Hildy is SO cute and bred to a mini-LaMancha?!? I'm squealing over the kids already!

I am crossing my fingers that there are twins in there so the birth weights will be smaller and easier for her.


----------



## Ranger1 (Sep 1, 2014)

She definitely looks on track for 3.5 weeks, if not sooner. 
I don't often have udders that size on my FFs that long before kidding.


----------



## Goat_Scout (Mar 23, 2017)

The Mini-Lamancha (same age as Hildy) was 3/4 ND and super tiny, as were his parents. We have one kid sired by him so far, a 1/2 Alpine buckling who was/is absolutely huge! And the buckling's mama is a petite doe herself.  She did get some grain during her pregnancy, but even after birth, he just won't stop growing!

Benji (the culprit)









@Ranger1 - It's definitely possible for her to be due a little sooner. I think Benji was escaping before this incident, but just kept hopping back in before he could be spotted. We sold him a month or two ago and he happily has his own little doe herd to breed!
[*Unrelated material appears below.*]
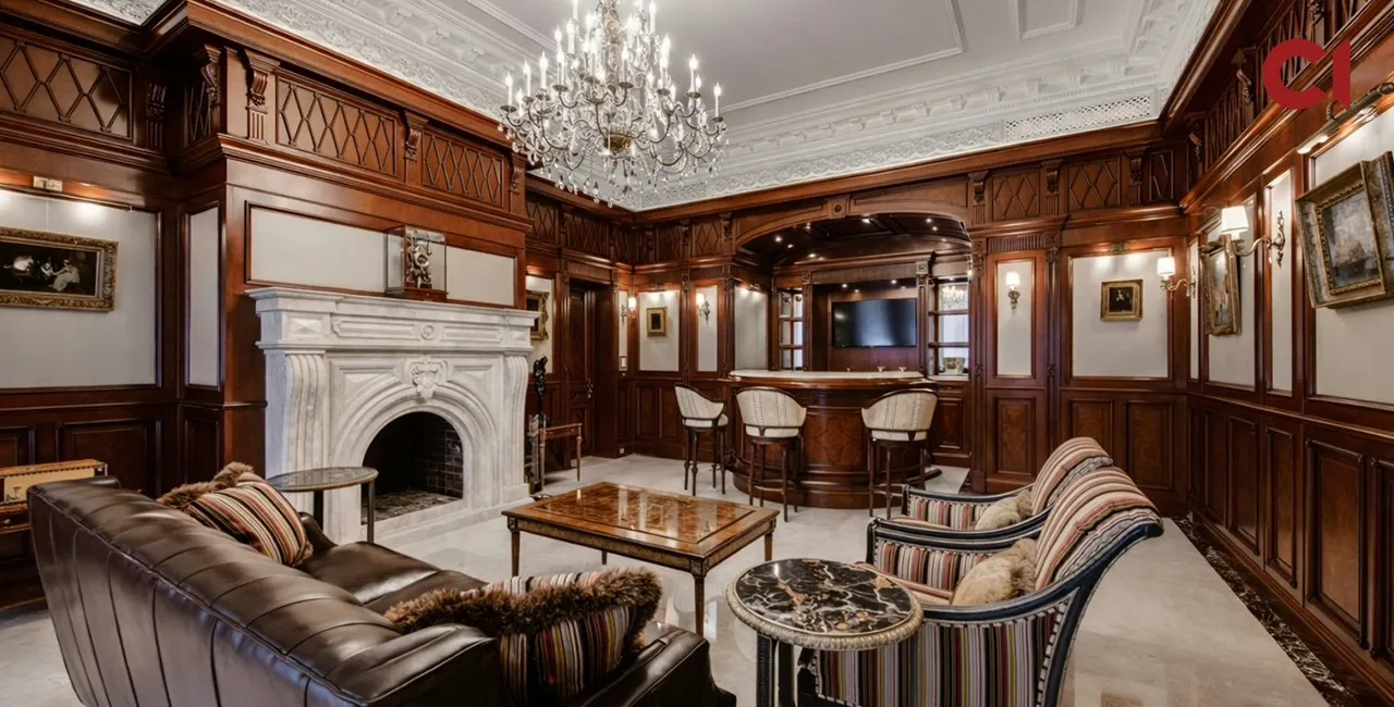 Як вынікае з апісання, у доме абсталяваныя камінная зала, сталовая, кухня, кінaзал, СПА-зона з басейнам, саўнай і хамамам, трэнажорная зала, пакоі для персаналу і пральня. На другім паверсе размешчаны спальні з асобнымі санвузламі, кабінет, бібліятэка, гасціныя і дадатковыя памяшканні. У будынку таксама ёсць ліфт і схаваная сістэма відэаназірання. На тэрыторыі прадугледжаны гараж на пяць аўтамабіляў і паркоўка яшчэ на пяць машын.
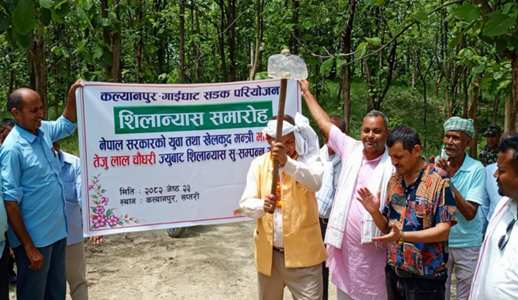 युवा तथा खेलकुद विकासमन्त्री एवं सप्तरी क्षेत्र नम्बर ४ का सङ्घीय सांसद तेजुलाल चौधरीले सडक निर्माण कार्यको शिलान्यास शुक्रबार गरेका थिए । उनले सहरीकरणका कारण जनघनत्व बढ्दै गएको हुँदा सवारी साधन आवागमनमा सहजताका लागि नयाँ ट्रयाक खोल्न थालिएको बताए।

Hildy has had a harder time getting around these past few days. I just opened up a large pasture/wooded area for them all to go in during the day, and she is always hanging back and very slow to go anywhere now. She's definitely more loving, too. I'm keeping a close eye on her. Luckily, we have 4 different vets (3 within a half hour of us) to call should there be any complications.


----------



## TeyluFarm (Feb 24, 2016)

Good luck!


----------



## toth boer goats (Jul 20, 2008)

Good luck.


----------



## Lstein (Oct 2, 2014)

Goat_Scout said:


> Benji (the culprit)


 Lol, I like his hairdo.


----------



## Kath G. (Jul 13, 2017)

I'm not much on the Manchas (too much volunteering at animal shelters in my early days; I have associations with ears that look like that. Yes, I know they're born like that!) but Benji is really, really handsome!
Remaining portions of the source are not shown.